Beach Baby

by Jillian Weiss

I

Months after baby Jennifer died, this became my family’s answering machine message: “Hello. You’ve reached the home of Jim, Janice, Jessica, Jillian, Jamie, Jake, and angel Jennifer. Please leave a message at the beach. Thanks!” 

My mother didn’t say beach, but that’s what I heard, and that’s what I remembered for years after. I was only five years old and thought my mother must have recorded it when we were vacationing by the ocean.

I grew up staring at a framed drawing of Jennifer in the living room above the piano as I practiced my scales. A scar traveled down her forehead like a road that led to the perilous cliff’s edge of her nose. There were three different images of her collaged together and drawn in pale pink, blue, and yellow colored pencil, capturing her in the colors of infancy. 

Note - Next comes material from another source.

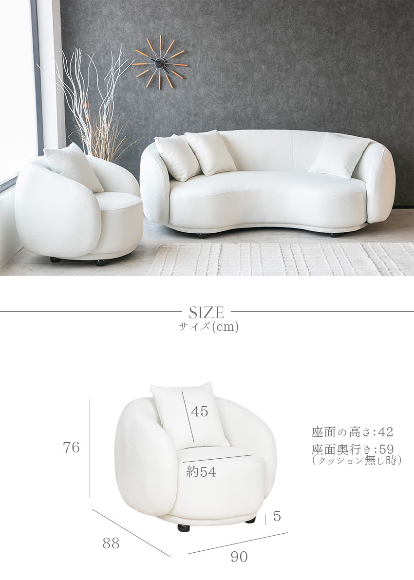 | 商品説明 | 丸みを帯びたシルエットが上品な、1人掛けファブリックカーブソファ。 |

I only thought of her when staring at that picture, but sometimes I felt guilty and wondered if I should be remembering her more. Where is she now? My mother told me that Jennifer went to heaven, but the answering machine told me that if I wanted to reach her, I must leave her a message at the beach. 

So maybe it’s this: The beach is a sandy afterlife.

But I have lived in an apartment located ten minutes from the Atlantic Ocean, so I know the beach is not heaven. Every two or three weeks, I drove with a friend to the beach with the windows down, and we read and talked while our feet flicked sand onto our too-small towels. Then our bodies became hot, our throats dried up, and we drove home as the sun set. 

II

“Hello. You’ve reached the home of Jim, Janice, Jessica, Jillian, Jamie, Jake, and angel Jennifer. Please leave a message after the beep. Thanks!” 

I remember the sound of the “Thanks!” My mother cut the word into two syllables like the loaf of bread Jesus halved for the Last Supper. This is my body, given for you; do this in remembrance of me.  Thay-anks. 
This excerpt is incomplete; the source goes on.